Some differences happens because of Time Zone differences but overall help me understand your tracking system.

You mean you place your url like http://example.com/product.php?gtse=goto&gtkw=key+word

where gtse indicates the Search Engine where you have advertised your website. This is different for each search engine. For example for Google USA it is goog and for Overture/Yahoo USA it is ovus.
gtkw indicates the related keyphrase for the specific ad campaign. This needs to be attached to the rest of the string.

And then what are you doing?

If the fraud clicker has disabled js and referral then you need a better tracking system and a better engg :). I know how difficult it was when we worked on it.

AjiNIMC

[edited by: engine at 2:03 pm (utc) on July 4, 2006]
[edit reason] examplified [/edit]

SiteTutor

6:33 pm on Jun 27, 2006 (gmt 0)

I am also looking at getting a more accurate handle of a users onsite experience.

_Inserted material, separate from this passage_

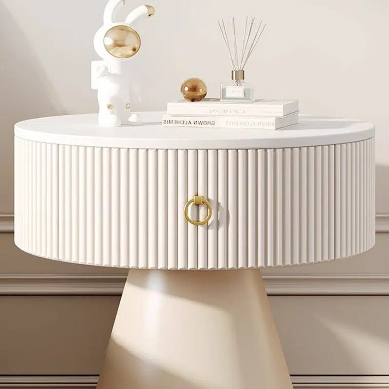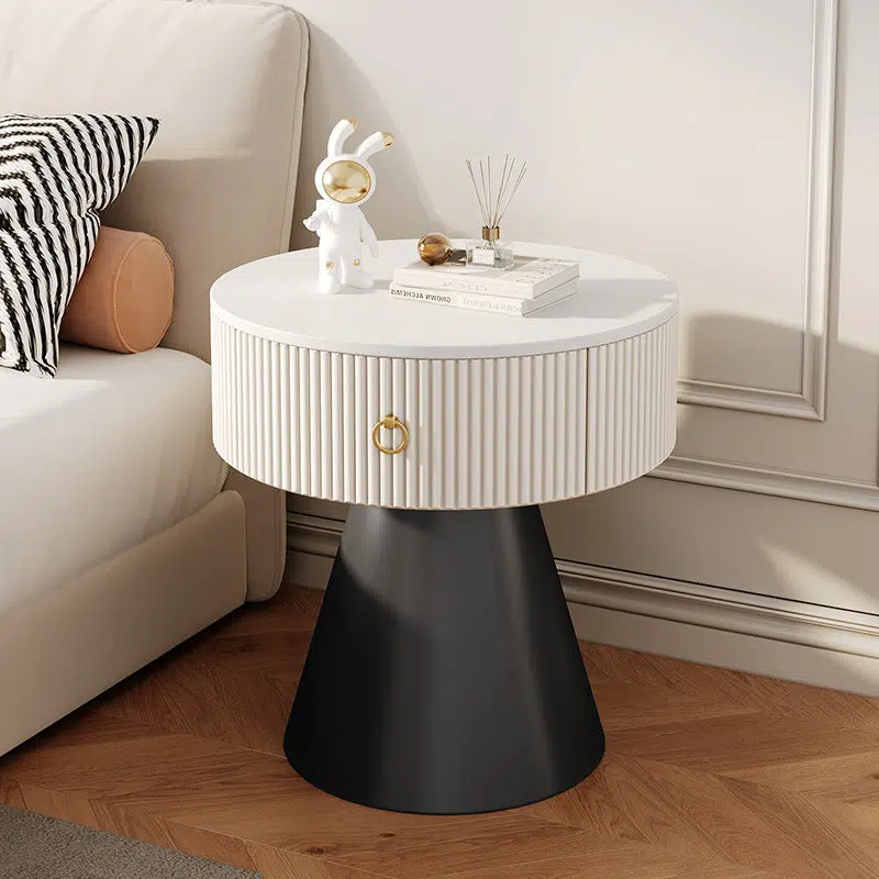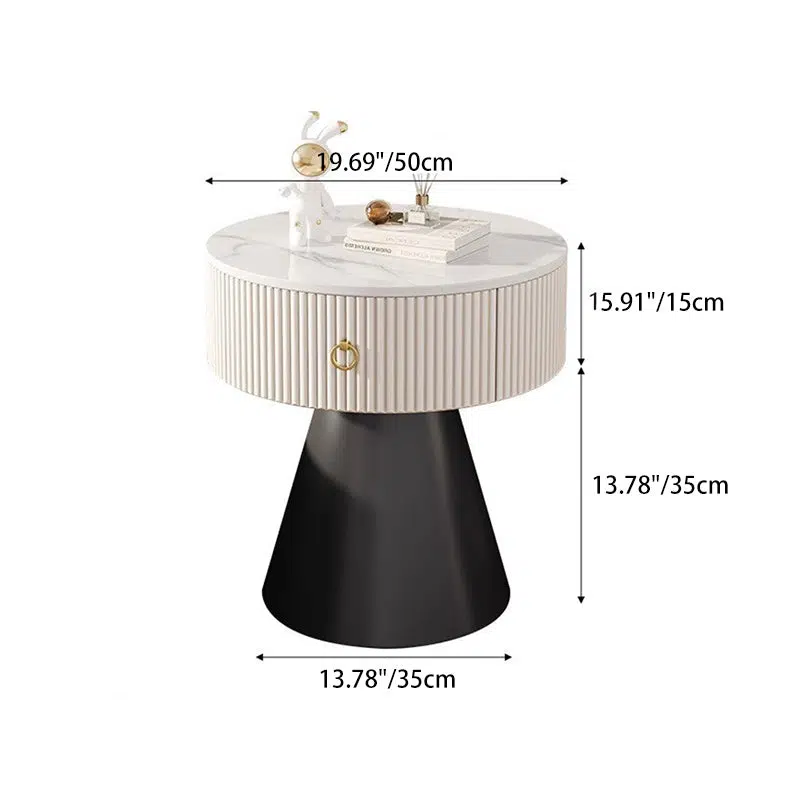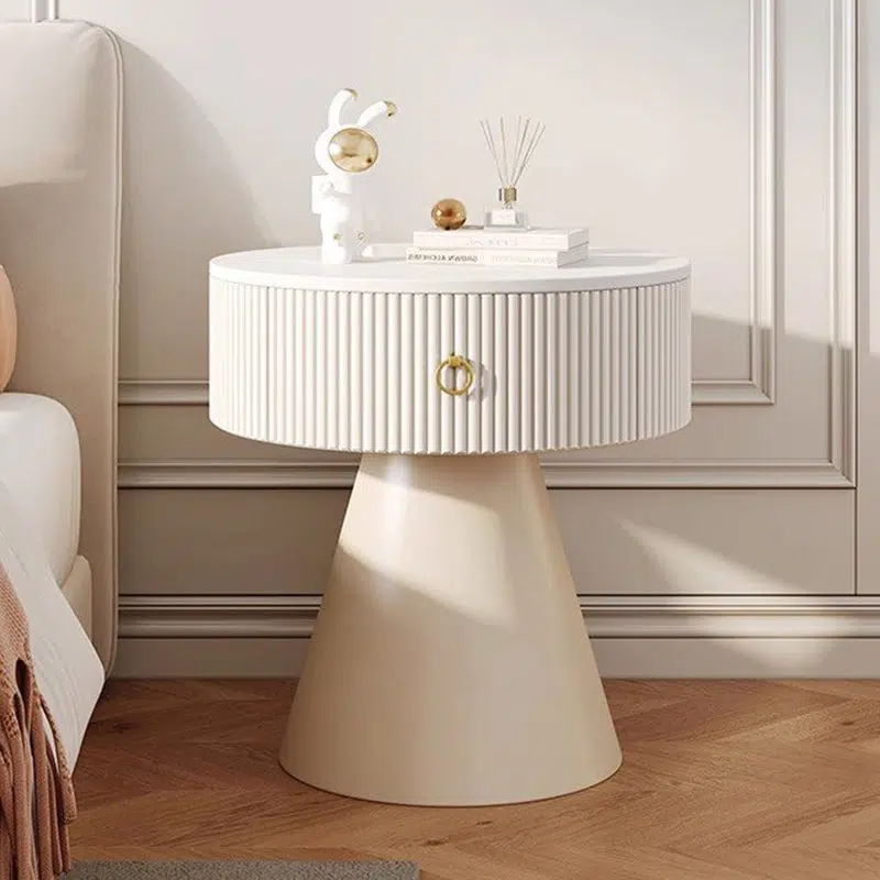 Contemporary Scandinavian Round Cylinder Cone PP Rock Slab Nightstand 1-Drawer For Bedroom

I utilize monster commerce for my ecommerce platform and was wondering if anyone uses any plug-in program to better analyze on site traffic.

The numbers I get from urchin that is provided by monster commerce and google analytics are very different.

Just trying to find out if there is something out there people have used and really like. Thanks.

kellyC

2:04 am on Jun 28, 2006 (gmt 0)

Hi AjiNIMC,

Thank you for your help.

We put the traking link like this:
http://example.com/product.php?WT.mc_id=campaignID

For example, the link for our IPOD camaping in Google Adwords will be like this: http://example.com/product.php?WT.mc_id=googleadwordsIPOD

And we put a javascript code on our web pages for tracking. There are several options in webtrends for us to choose, such as "Track Sessions for Logs", "Track Sessions Using First Party Cookies", and "Track User Sessions using IP/User Agent".
We choose to track by using first party cookies.

About the fraud clicker, do you mean that if they diable js, we can't see those visits/clicks in webtrends report but Adwords will still count those clicks and there will be a gap? Yet, if so, I think we can't do anything about it so far.

[edited by: engine at 2:04 pm (utc) on July 4, 2006]
[edit reason] examplified & de-linked [/edit]

cgrantski

2:39 am on Jun 28, 2006 (gmt 0)

KellyC, run a WebTrends URL parameter analysis on the parameter WT.mc_id and look at the hits stat as well as the visits stat. The hits stat could be a lot higher (not necessarily, but could be). The WebTrends hits stat is closer to the way Google and other services count clicks.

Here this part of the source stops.